------ GIVEN DATA

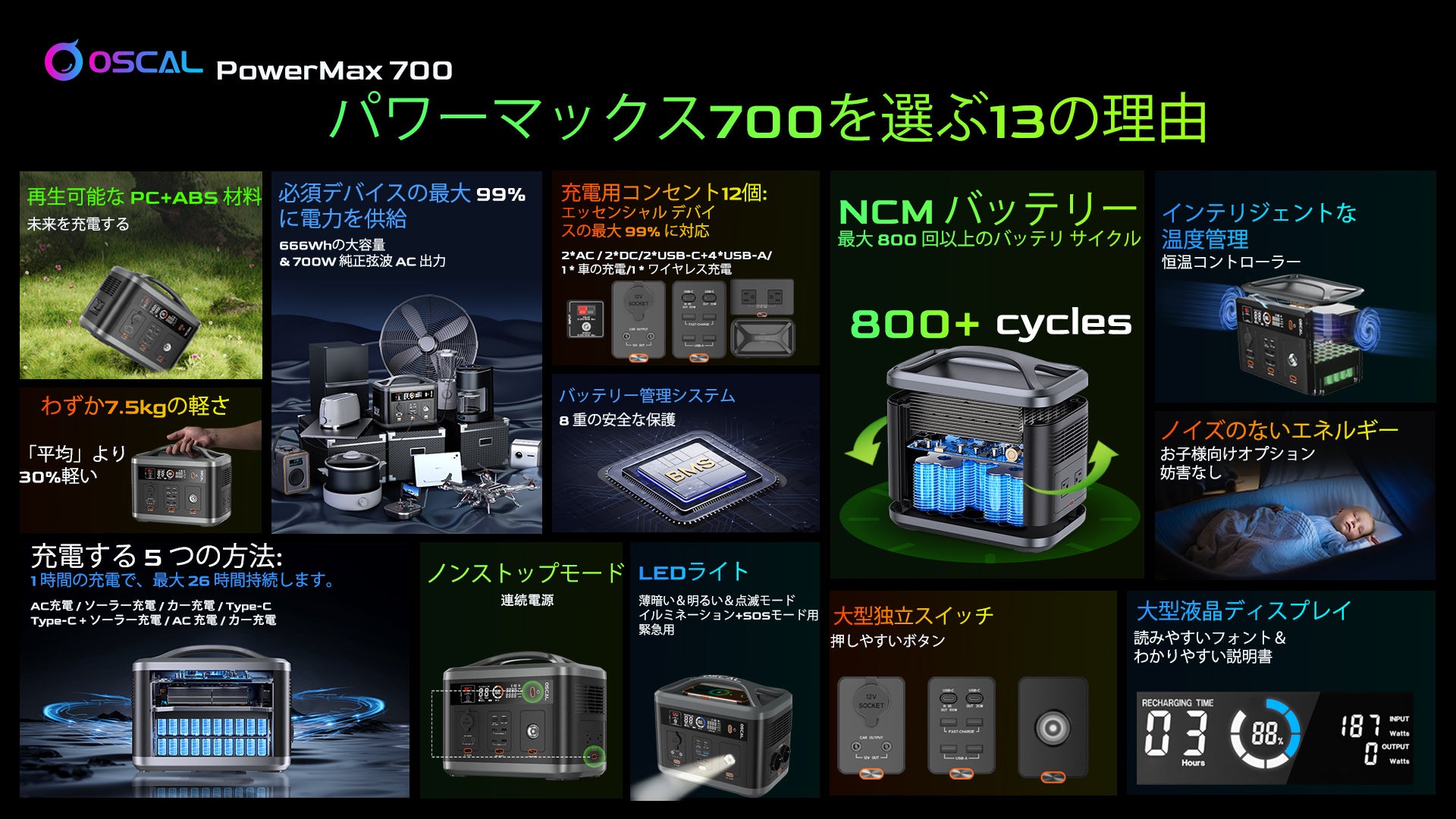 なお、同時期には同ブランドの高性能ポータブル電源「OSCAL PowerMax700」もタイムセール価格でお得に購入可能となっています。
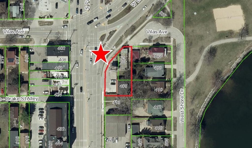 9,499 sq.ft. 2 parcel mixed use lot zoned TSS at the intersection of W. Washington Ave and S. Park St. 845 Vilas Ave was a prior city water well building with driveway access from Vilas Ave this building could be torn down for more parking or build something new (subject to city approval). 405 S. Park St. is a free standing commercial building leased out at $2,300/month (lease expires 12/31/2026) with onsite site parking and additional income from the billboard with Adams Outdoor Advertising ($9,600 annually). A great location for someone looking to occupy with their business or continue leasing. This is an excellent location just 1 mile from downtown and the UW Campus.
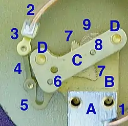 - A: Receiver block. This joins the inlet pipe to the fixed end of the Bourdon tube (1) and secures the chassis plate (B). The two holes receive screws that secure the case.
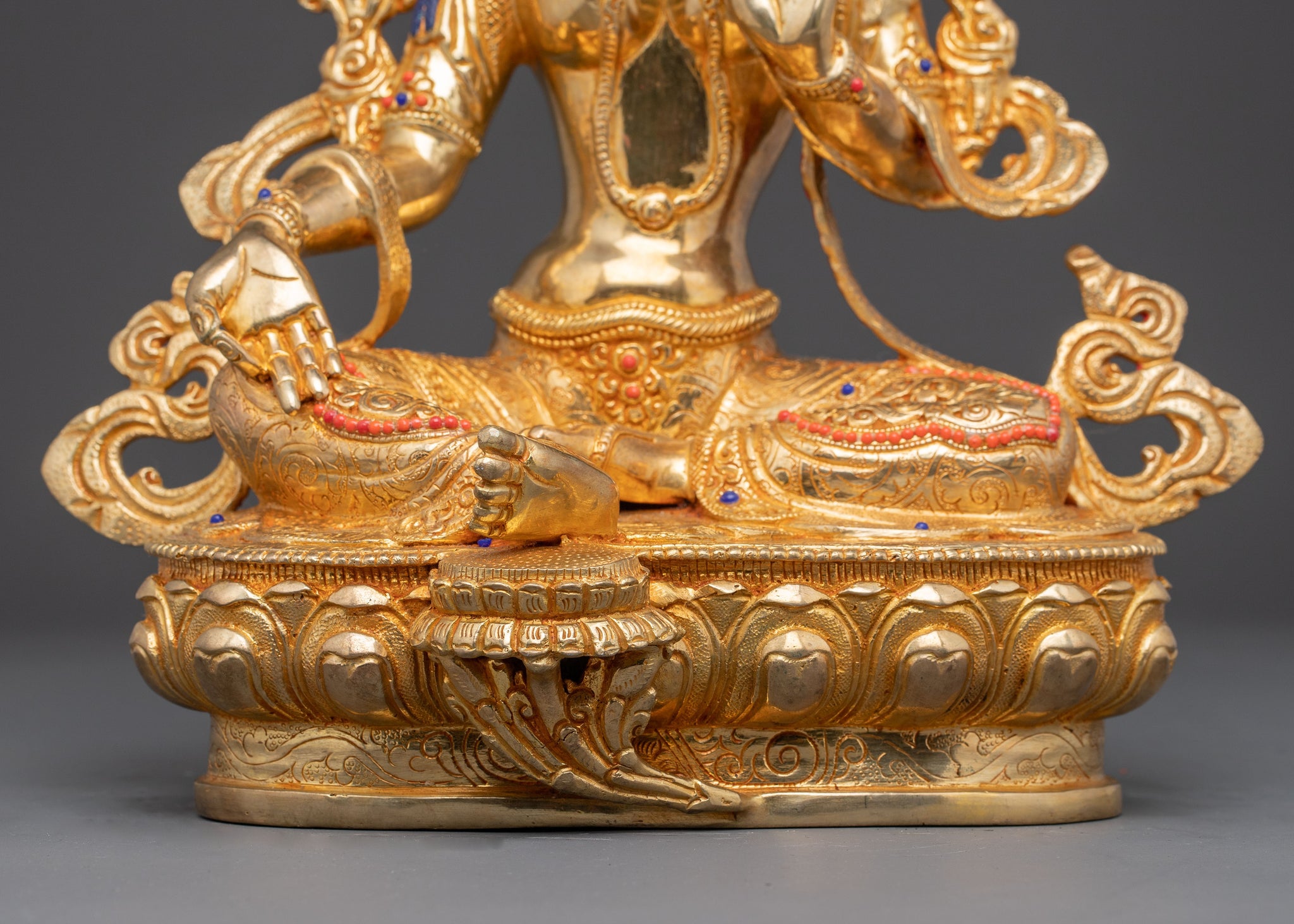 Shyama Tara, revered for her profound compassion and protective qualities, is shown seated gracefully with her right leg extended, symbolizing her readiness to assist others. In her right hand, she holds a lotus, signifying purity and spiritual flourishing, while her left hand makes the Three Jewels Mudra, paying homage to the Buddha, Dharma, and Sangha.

------------

TASK OBJECTIVE: Omit the pictures, then quote the rest of the material above exactly.

TASK RESULT:
 なお、同時期には同ブランドの高性能ポータブル電源「OSCAL PowerMax700」もタイムセール価格でお得に購入可能となっています。
 9,499 sq.ft. 2 parcel mixed use lot zoned TSS at the intersection of W. Washington Ave and S. Park St. 845 Vilas Ave was a prior city water well building with driveway access from Vilas Ave this building could be torn down for more parking or build something new (subject to city approval). 405 S. Park St. is a free standing commercial building leased out at $2,300/month (lease expires 12/31/2026) with onsite site parking and additional income from the billboard with Adams Outdoor Advertising ($9,600 annually). A great location for someone looking to occupy with their business or continue leasing. This is an excellent location just 1 mile from downtown and the UW Campus.
 - A: Receiver block. This joins the inlet pipe to the fixed end of the Bourdon tube (1) and secures the chassis plate (B). The two holes receive screws that secure the case.
 Shyama Tara, revered for her profound compassion and protective qualities, is shown seated gracefully with her right leg extended, symbolizing her readiness to assist others. In her right hand, she holds a lotus, signifying purity and spiritual flourishing, while her left hand makes the Three Jewels Mudra, paying homage to the Buddha, Dharma, and Sangha.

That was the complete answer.